Redistribution, Redistribution, Redistribution!

Digging a well sounds so biblical, at least to me, from a place where water comes out of taps connected to the Water Board's supply system.  And really I had thought the spring was enough.  But if the ecohouse is to be truly and reliably self-sufficient then springs are not enough.  In part it's technical and in part it's bureaucratic - obtaining permissions to drill and build is possible now but might not be as restrictions tighten round a scarce resource; and when there are lots of people the spring-fed water supply is too close to the edge for our water-consuming habits.

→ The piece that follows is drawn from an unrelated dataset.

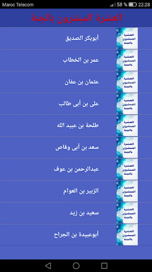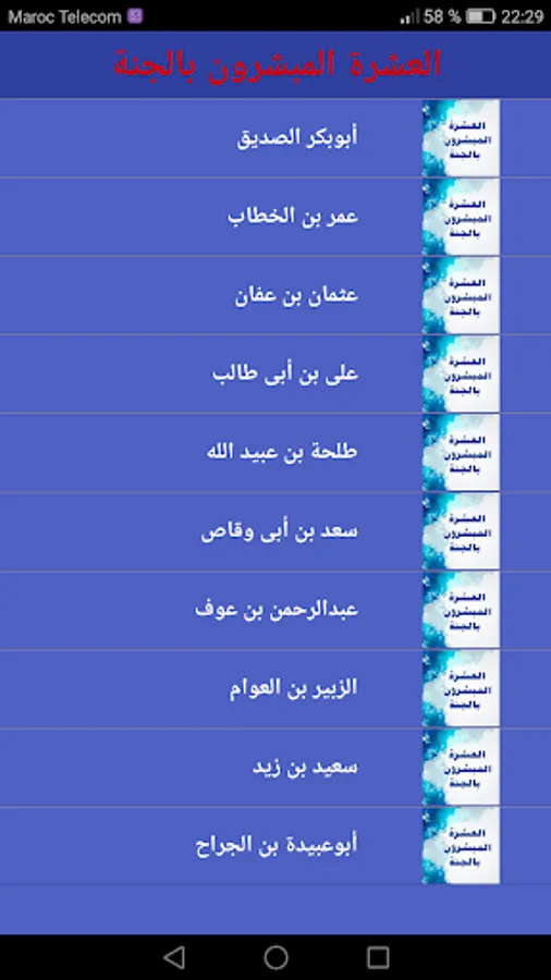 The ten heralds of Paradise are: Abu Bakr Al-Siddiq, Al-Farouq Omar bin Al-Khattab, Dhu al-Nurin Othman bin Affan, the cousin of the Messenger of God Ali bin Abi Talib, Talha bin Ubaid Allah, who is Talha al-Khair or Talha al-Fayyad, al-Zubayr ibn al-Awam, the disciple of the Messenger of God, and Saad bin Abi A storyteller, and the Secretary of the Ummah, Abu Ubaidah bin Al-Jarrah, Abdul-Rahman bin Auf, the owner of righteousness and expenses, and Saeed bin Zaid. peace be upon him: "Abu Bakr in Paradise, and Omar in Paradise, and Uthman in Paradise, and Ali in Paradise, and Talha in Paradise, Zubair in Paradise, and Abdul Rahman bin Auf in Paradise, and Saad in Paradise, and happy in Paradise, and Abu Obeida Ben surgeon the Paradise" .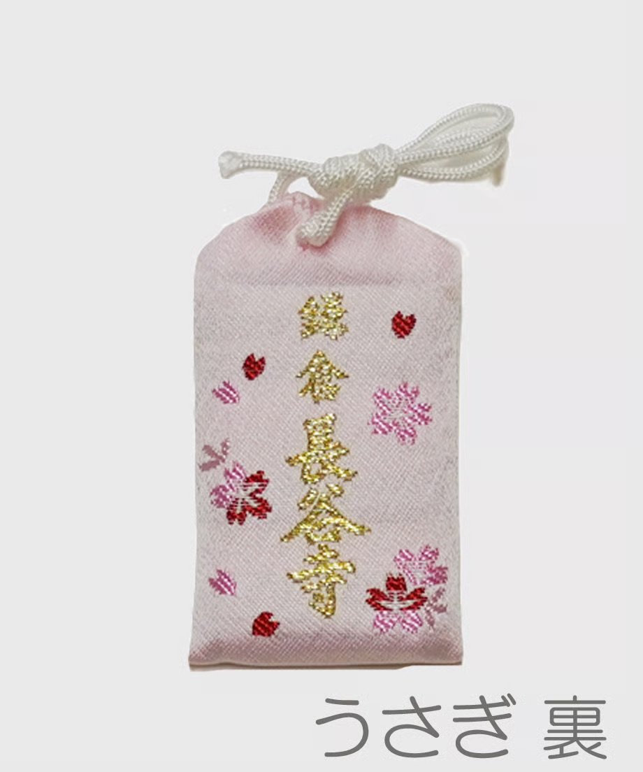 This beautiful omamori is a comprehensive charm. It offers great protection from Kannon Bodhisattva. The amulet has a soft pink color. It features a graceful rabbit or cherry blossoms. The rabbit is a symbol of luck in Japan. This charm brings good health and family safety. It also helps with recovery from illness. It is great for traffic safety. The amulet helps fulfill all your wishes.

There used to be a family of fifteen living at the ecohouse when the farm was a full-time occupation and source of income;  but they didn't have three bathrooms.  They didn't have any bathrooms, or electricity, or heating other than the open fire in the central kitchen and the beasts stabled on the ground floor under the living quarters.  We forget how close such deprivation lies, the family were there until 1953 and the great abandonment of the land lasted for twenty years, from the early 'fifties.  It's all been put into reverse now and, as usual, it's the rich that gets the credit and the poor that gets the blame.

The poor get the flat-bound periferia  of the towns and cities, not even the beautiful, historic centres, and that's it.  The isolation, the silence, the views, the woods and  pastures, the dawns and sunsets, the groves and gardens   - all the compensations for the cold, the dark, the loneliness the deprivation, are taken by the owners cocooned by modern technology (and bathrooms.)  The classes who kept these landscapes for centuries couldn't begin to afford them.

Everyone can walk and picnic through our woods; the hunters are welcome to cull the deer and boar (but not kill the birds and hare), keeping it functioning costs far more than it yields in output of wood and oil (and terrible tomatoes), but there remains an immense social and economic disjunction.   Without the rather miserable modern world there cannot be the (rather miserable) modern populations.

It worries me: if anything goes wrong, even by narrow margins, individual opportunity to act effectively in straitened circumstances is minimal to non-existent.  Notions of 'fairness' and 'aspiration' are irrelevant politico-economic categories except in the current settlement. 

Something, and someone, has got to give.